Work instruction >>
Among the lines below, output only those between the line holding "系統(tǒng)自動報受理人" and the line holding "Fig. S3. lin28", inclusive, exactly as written and with no pictures.
═══ Data shown ═══
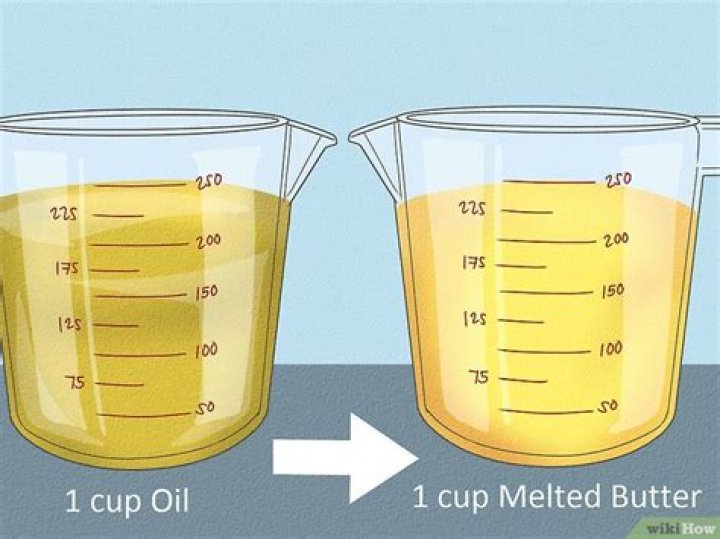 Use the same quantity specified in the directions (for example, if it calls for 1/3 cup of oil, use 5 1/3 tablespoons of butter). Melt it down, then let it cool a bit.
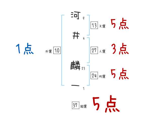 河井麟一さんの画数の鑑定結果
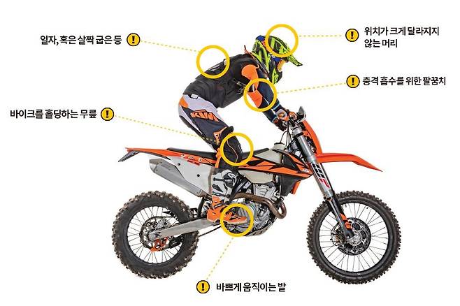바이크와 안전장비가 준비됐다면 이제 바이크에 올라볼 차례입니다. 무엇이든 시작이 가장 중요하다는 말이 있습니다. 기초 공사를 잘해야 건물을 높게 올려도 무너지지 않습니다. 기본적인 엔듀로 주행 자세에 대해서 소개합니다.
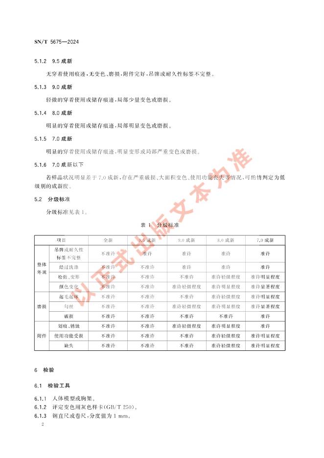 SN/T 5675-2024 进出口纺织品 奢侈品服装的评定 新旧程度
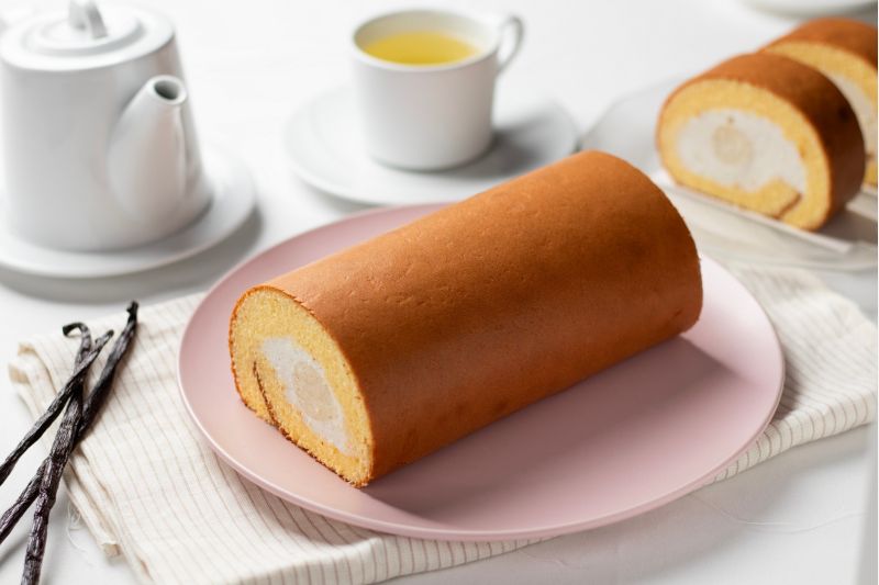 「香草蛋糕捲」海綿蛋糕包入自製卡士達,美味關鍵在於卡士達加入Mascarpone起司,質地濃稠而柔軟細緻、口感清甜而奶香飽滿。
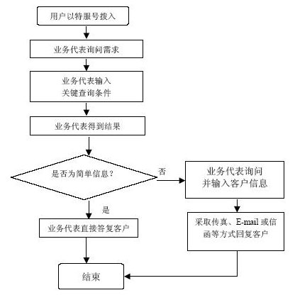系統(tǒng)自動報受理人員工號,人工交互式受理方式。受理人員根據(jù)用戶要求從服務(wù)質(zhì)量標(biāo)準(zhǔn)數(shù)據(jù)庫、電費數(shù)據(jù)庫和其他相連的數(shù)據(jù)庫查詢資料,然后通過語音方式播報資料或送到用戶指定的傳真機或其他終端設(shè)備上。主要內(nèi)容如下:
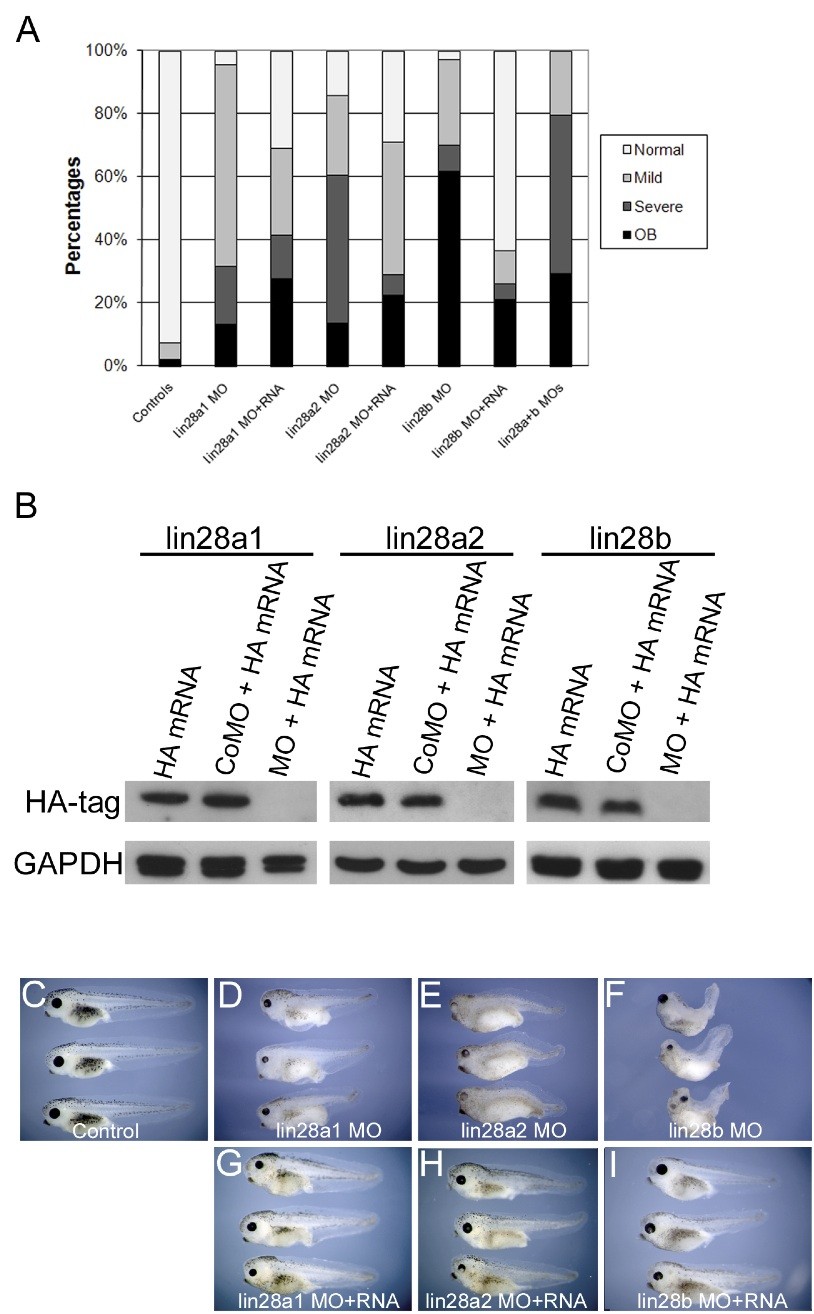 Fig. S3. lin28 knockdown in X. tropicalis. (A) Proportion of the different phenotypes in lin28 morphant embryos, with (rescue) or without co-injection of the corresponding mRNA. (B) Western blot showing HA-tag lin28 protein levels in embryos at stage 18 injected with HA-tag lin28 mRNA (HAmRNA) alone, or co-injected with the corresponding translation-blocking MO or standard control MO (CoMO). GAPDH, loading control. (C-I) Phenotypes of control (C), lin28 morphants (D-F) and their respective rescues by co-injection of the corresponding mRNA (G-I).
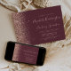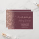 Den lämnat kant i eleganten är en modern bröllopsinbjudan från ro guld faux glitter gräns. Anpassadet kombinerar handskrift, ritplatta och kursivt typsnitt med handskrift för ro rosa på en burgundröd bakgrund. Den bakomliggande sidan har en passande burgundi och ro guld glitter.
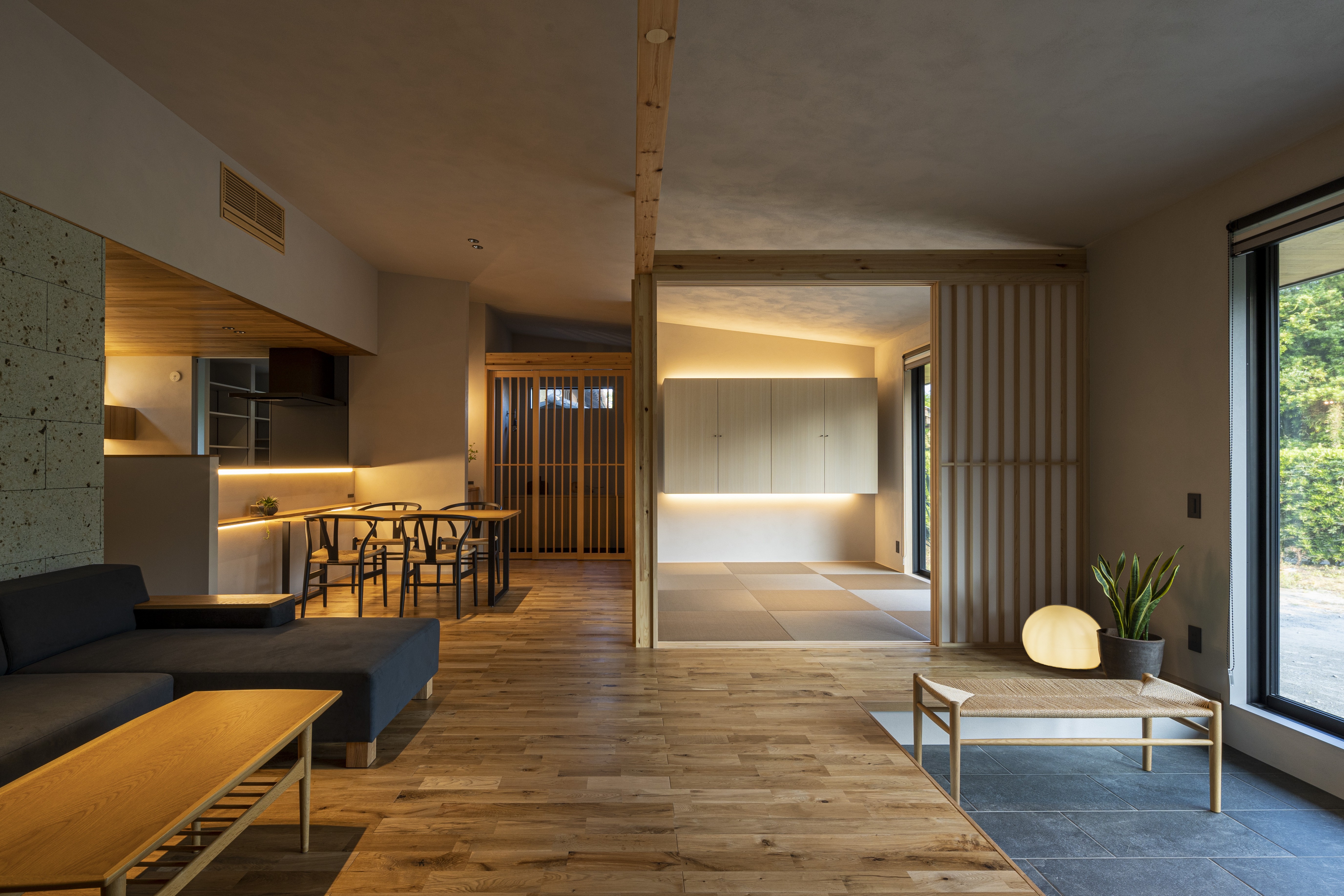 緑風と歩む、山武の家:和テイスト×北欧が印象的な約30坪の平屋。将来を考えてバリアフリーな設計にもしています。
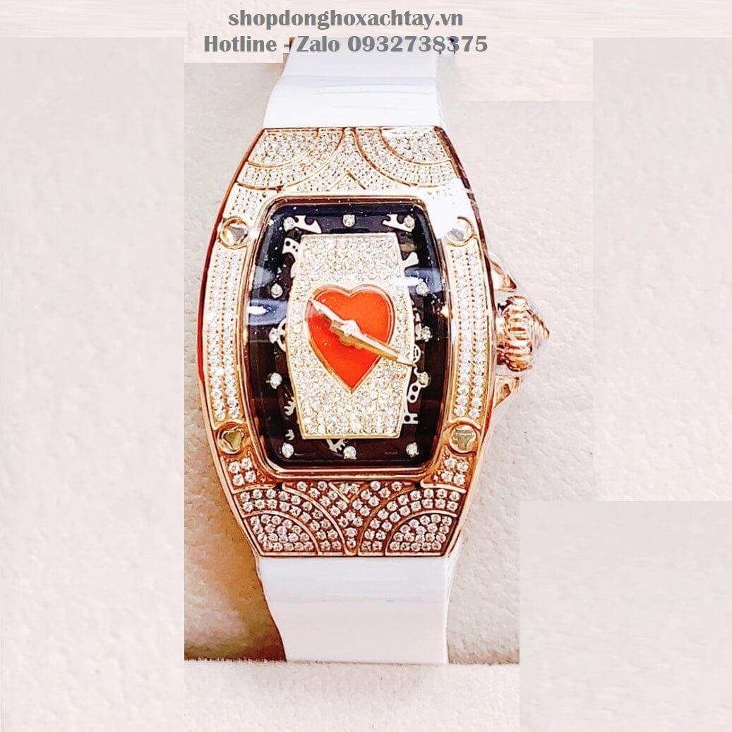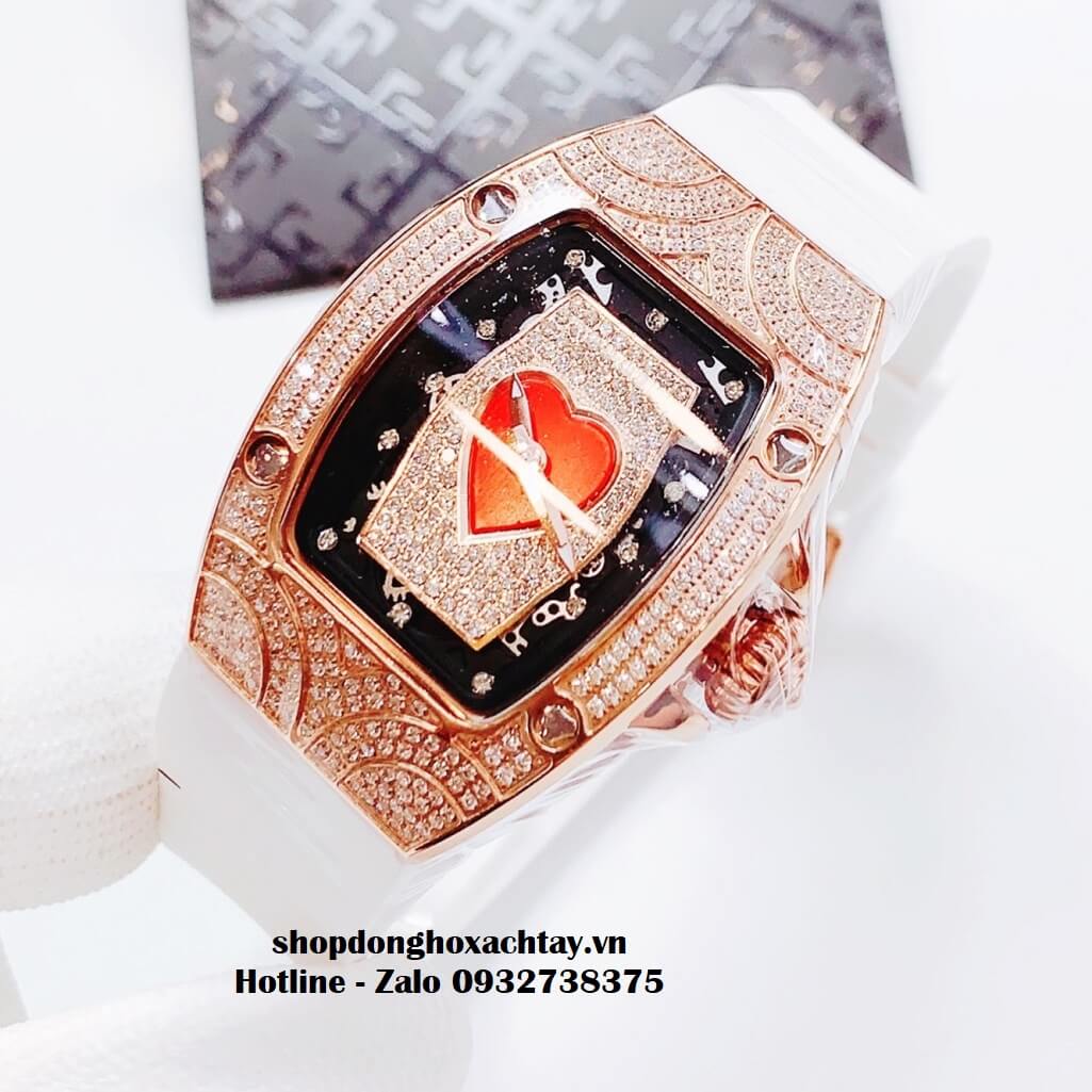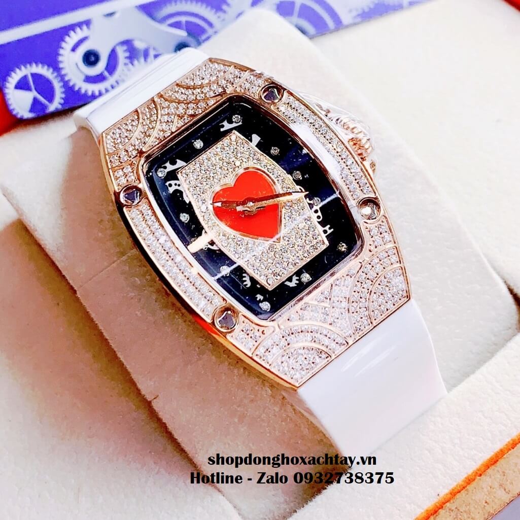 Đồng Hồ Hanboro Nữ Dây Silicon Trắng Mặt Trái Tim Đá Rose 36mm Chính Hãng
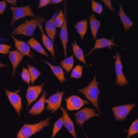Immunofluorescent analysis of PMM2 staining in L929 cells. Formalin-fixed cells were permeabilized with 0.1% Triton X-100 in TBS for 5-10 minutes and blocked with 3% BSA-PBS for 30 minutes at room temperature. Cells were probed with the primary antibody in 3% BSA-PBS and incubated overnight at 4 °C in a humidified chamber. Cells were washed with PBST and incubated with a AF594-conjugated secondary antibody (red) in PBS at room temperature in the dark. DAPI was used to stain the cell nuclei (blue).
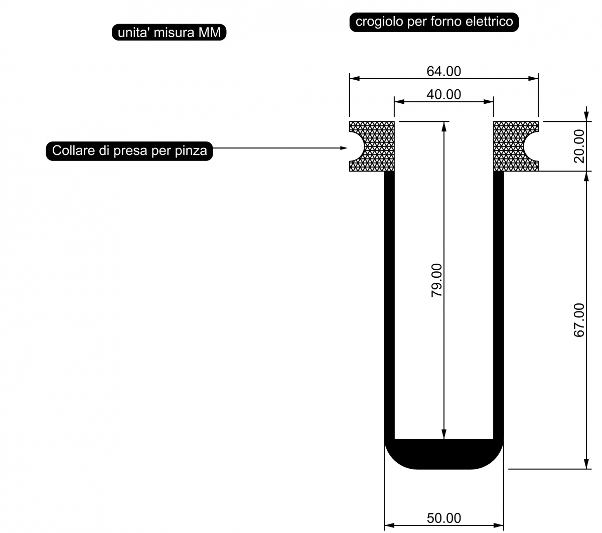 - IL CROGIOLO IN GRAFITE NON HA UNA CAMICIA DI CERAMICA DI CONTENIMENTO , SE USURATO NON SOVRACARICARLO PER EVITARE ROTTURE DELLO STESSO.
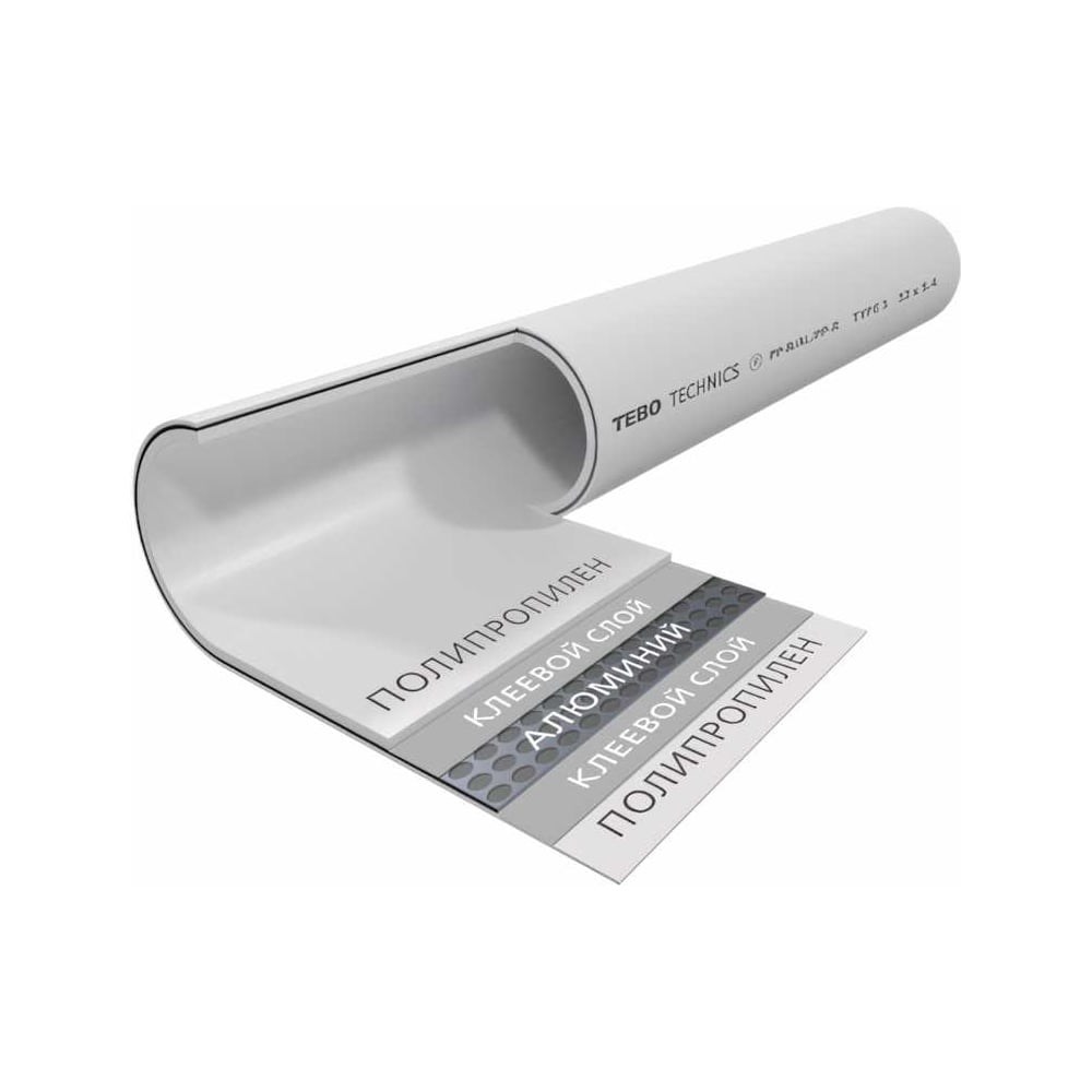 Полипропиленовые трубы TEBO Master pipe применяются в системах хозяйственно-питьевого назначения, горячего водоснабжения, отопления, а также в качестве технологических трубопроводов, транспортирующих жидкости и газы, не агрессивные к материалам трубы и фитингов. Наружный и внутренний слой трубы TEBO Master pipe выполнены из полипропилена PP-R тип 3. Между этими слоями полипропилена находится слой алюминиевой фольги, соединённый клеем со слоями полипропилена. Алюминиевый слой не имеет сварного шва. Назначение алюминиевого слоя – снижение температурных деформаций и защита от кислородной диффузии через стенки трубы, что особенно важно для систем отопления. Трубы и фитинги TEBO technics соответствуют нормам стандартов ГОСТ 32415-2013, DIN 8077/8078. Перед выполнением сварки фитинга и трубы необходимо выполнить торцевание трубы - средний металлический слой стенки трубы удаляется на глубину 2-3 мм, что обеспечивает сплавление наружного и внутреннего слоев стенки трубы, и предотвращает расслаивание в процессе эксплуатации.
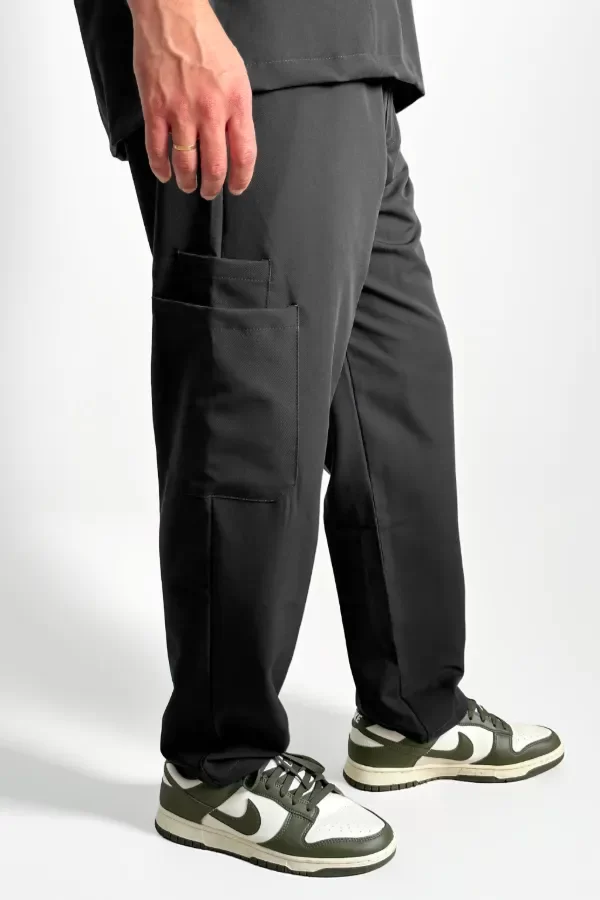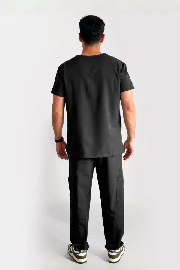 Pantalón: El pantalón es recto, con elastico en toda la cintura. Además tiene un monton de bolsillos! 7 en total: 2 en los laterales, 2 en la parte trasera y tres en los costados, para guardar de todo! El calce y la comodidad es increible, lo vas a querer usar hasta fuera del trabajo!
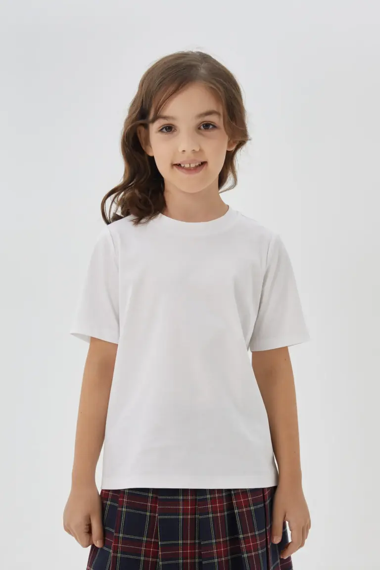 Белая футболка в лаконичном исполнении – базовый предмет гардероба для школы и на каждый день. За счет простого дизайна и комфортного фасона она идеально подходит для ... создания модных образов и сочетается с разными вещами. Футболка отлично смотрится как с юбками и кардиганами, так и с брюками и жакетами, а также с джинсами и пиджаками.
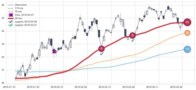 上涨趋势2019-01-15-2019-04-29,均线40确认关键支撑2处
═══
Exercise output >>
系統(tǒng)自動報受理人員工號,人工交互式受理方式。受理人員根據(jù)用戶要求從服務(wù)質(zhì)量標(biāo)準(zhǔn)數(shù)據(jù)庫、電費數(shù)據(jù)庫和其他相連的數(shù)據(jù)庫查詢資料,然后通過語音方式播報資料或送到用戶指定的傳真機或其他終端設(shè)備上。主要內(nèi)容如下:
 Fig. S3. lin28 knockdown in X. tropicalis. (A) Proportion of the different phenotypes in lin28 morphant embryos, with (rescue) or without co-injection of the corresponding mRNA. (B) Western blot showing HA-tag lin28 protein levels in embryos at stage 18 injected with HA-tag lin28 mRNA (HAmRNA) alone, or co-injected with the corresponding translation-blocking MO or standard control MO (CoMO). GAPDH, loading control. (C-I) Phenotypes of control (C), lin28 morphants (D-F) and their respective rescues by co-injection of the corresponding mRNA (G-I).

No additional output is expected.